Text analytics is tough to do at scale since you can’t really leverage caching as much as you could in, say, serving static content on the web. Seldom do we analyze the exact same piece of text twice so we don’t bother maintaining any caches – which means each and every request we get is purely dynamic.

But the key insight when analyzing text is you realize that much of it can be done in parallel. Consider the task of running text through a part of speech tagger. For the most part, part of speech tagging algorithms use some sort of probabilistic modelling to determine the most likely tag for a word. But these probability models don’t cross sentence boundaries; the grammatical structure of one sentence doesn’t affect another. This means given a large block of text, we can split it up into sentences and then do the analysis of each sentence in parallel. The same strategy can be employed for sentiment as well.

So what’s wrong with Python?

Our first version of our API was in Django because, well, everyone knew Django and our site runs on Django so why not. And it worked. We got a prototype up and running and then built on top of that. We were able to get a profitable business up and running just on Django (and an old version at that, 1.3 was the version we were using when even 1.6 was out!).

But there’s a lot of overhead to each Django request/response cycle. As our API grew in usage, so too did reliability issues and our Amazon bill. We decided to look at other Python alternatives and Flask came up. It’s lightweight and almost ready-made for APIs, but then came across Falcon. We liked Falcon because it was optimized right off the bat using Cython. Simple benchmarks showed that it was *much* faster than Django and we liked how it enforced clean REST principles. As a bonus, our existing tests could be ported over quite easily, so we didn’t lose any time there.

Falcon proved to be a great stop gap. Our mean response time fell and the number of outages and support issues fell, too. I’d recommend Falcon to anyone building an API in Python today.

The performance, while better than Django, still couldn’t keep up with our demand. In particular, Python is a world of pain for doing concurrency. We were on python2.7 so we didn’t check out the new asyncio package in python3, but even then, you still have the GIL to worry about. Also, Falcon still didn’t solve one other major pain point: self-hosted deployment.

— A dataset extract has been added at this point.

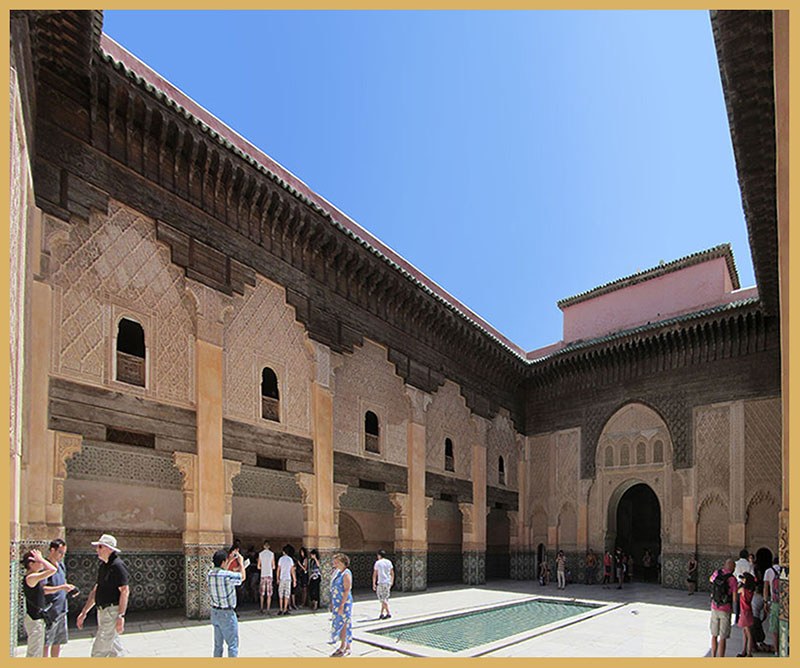 Voici un des lieux emblématiques sur Marrakech, la Médersa, fut durant plus de 400 ans un lieu d’accueil pour les étudiants désireux d’acquérir ou approfondir leurs connaissances dans le domaine des sciences, et en théologie. 132 chambres accueillaient des étudiants venus de l’extérieur. Jusqu’à 900 personnes pouvaient venir y étudier.

Python does not lend itself to being packaged up neatly, like Java or C, and distributed. Many of our customers run Repustate within their own networks for privacy & security reasons. Up to this point, we’ve been deploying our entire stack as a virtual appliance that can work with either VMware or Virtual Box. And this was an OK solution, but it was clunky. Updates were a pain, support was a pain (“how do I know the IP address of my virtual machine?”) and so on. If we could provide Repustate as a single, installable binary that was the exact same code base as our public API, then we’d have the best of both worlds. Also, this ideal solution had to be even faster than our Python version in Falcon, which meant leveraging the idea that text analytics lends itself to concurrent processing.

Go get gopher

Taking a step back in our story – our Arabic engine was written in this fancy new (at the time) language called Go. Here’s the blog post where we talk about our experience in migrating the code base to Go, but suffice to say, were quite happy with it. The ideal solution was staring us right in the face – we had to port everything to Go.

Go met all of our criteria:

  • faster than Python
  • compiles to a single binary
  • could be deployed into any operating system (and since Go 1.5, very easily at that)
  • makes concurrency trivial to reason about

As an added bonus, the layout of a Go test suite looks pretty similar to our nose tests. Test function headers were simple enough to migrate over e.g.:

def test_my_function():

becomes this:

func TestMyFunction(t *testing.T) {

With a couple of replacements of “=” to “:=” and single quotes to double quotes, we had Go-ready tests.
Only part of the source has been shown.